→ **MATERIAL SUPPLIED**
┏━━

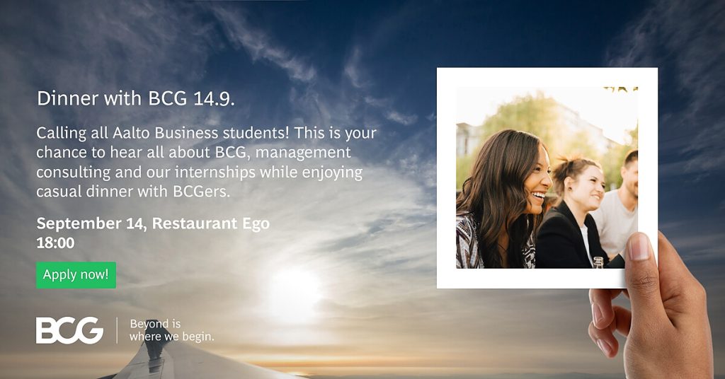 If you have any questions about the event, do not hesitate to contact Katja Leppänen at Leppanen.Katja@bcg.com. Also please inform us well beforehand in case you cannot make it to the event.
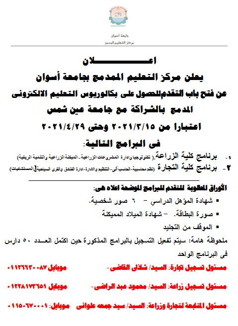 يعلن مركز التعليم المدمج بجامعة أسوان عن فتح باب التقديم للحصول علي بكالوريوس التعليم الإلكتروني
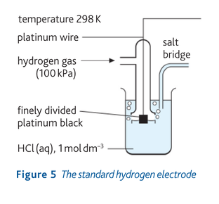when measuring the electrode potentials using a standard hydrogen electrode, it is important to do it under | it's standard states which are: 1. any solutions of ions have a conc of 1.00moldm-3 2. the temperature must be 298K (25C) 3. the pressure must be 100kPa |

┗━━
┏━━

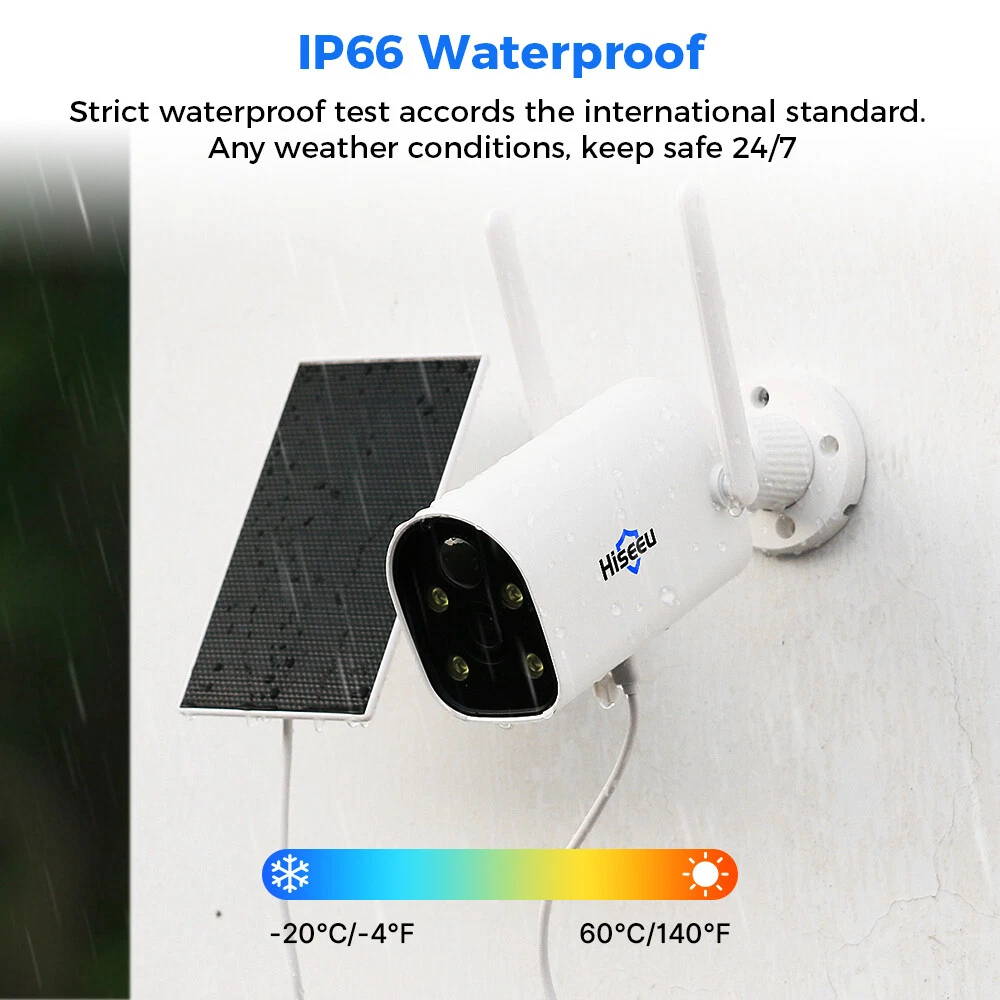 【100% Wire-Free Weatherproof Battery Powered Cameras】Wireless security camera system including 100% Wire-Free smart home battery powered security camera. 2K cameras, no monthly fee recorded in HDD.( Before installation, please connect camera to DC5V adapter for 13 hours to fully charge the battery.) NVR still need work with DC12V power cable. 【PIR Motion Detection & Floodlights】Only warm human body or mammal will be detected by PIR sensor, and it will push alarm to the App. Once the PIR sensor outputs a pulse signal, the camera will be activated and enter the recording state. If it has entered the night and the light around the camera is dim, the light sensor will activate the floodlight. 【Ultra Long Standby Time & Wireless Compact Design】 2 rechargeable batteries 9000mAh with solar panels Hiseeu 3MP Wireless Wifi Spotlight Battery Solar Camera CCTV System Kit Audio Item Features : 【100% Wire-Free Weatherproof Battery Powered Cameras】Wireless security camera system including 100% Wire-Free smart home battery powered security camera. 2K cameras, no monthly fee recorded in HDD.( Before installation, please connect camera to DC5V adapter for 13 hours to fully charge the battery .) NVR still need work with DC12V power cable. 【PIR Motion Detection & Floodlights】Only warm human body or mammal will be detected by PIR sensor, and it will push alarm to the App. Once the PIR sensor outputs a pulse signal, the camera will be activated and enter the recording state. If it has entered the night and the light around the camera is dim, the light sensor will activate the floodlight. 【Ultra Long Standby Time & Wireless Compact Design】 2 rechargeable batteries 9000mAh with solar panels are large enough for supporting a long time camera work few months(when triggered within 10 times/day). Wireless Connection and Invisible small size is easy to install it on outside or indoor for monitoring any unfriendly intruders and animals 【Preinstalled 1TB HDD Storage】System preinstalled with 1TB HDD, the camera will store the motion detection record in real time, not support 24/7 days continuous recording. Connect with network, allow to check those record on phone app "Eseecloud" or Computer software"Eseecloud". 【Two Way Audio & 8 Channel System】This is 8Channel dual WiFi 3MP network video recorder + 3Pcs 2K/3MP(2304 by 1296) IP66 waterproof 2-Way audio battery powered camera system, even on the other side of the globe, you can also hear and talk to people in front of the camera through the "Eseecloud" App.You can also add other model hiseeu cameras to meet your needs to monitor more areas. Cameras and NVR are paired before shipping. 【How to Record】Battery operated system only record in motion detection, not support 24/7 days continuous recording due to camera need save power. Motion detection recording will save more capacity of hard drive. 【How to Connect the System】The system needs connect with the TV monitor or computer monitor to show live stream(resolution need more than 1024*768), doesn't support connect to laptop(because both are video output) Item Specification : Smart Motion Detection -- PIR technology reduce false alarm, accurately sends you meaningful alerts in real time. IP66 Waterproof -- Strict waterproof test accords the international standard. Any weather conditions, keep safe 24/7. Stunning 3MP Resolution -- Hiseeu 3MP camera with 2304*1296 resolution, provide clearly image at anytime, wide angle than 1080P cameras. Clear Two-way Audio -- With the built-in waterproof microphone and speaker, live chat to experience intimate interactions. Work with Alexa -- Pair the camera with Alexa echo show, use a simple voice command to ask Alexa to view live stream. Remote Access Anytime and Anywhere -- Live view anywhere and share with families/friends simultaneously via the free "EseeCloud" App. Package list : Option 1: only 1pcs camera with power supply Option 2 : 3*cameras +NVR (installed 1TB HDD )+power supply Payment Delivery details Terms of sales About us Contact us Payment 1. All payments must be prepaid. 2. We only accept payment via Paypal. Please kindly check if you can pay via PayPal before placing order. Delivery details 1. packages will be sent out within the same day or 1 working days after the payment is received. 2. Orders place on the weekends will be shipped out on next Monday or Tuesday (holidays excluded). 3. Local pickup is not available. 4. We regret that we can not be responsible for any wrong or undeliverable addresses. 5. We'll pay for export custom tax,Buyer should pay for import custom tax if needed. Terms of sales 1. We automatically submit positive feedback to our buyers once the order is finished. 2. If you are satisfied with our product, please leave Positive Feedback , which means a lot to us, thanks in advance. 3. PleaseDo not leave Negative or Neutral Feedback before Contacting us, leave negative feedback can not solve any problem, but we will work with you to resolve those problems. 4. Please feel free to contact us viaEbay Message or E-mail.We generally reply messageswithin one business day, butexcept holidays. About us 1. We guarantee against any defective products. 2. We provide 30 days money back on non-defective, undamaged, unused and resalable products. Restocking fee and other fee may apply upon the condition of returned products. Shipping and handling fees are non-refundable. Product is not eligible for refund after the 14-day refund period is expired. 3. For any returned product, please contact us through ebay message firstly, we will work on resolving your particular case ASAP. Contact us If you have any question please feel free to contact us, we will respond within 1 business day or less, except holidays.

┗━━

→ **WORK INSTRUCTION**
From the records above, copy only the lines running from the line containing "If you have any questions" to the line containing "when measuring the", both ends included. Leave the pictures out.

→ **COMPLETED EXERCISE**
 If you have any questions about the event, do not hesitate to contact Katja Leppänen at Leppanen.Katja@bcg.com. Also please inform us well beforehand in case you cannot make it to the event.
 يعلن مركز التعليم المدمج بجامعة أسوان عن فتح باب التقديم للحصول علي بكالوريوس التعليم الإلكتروني
when measuring the electrode potentials using a standard hydrogen electrode, it is important to do it under | it's standard states which are: 1. any solutions of ions have a conc of 1.00moldm-3 2. the temperature must be 298K (25C) 3. the pressure must be 100kPa |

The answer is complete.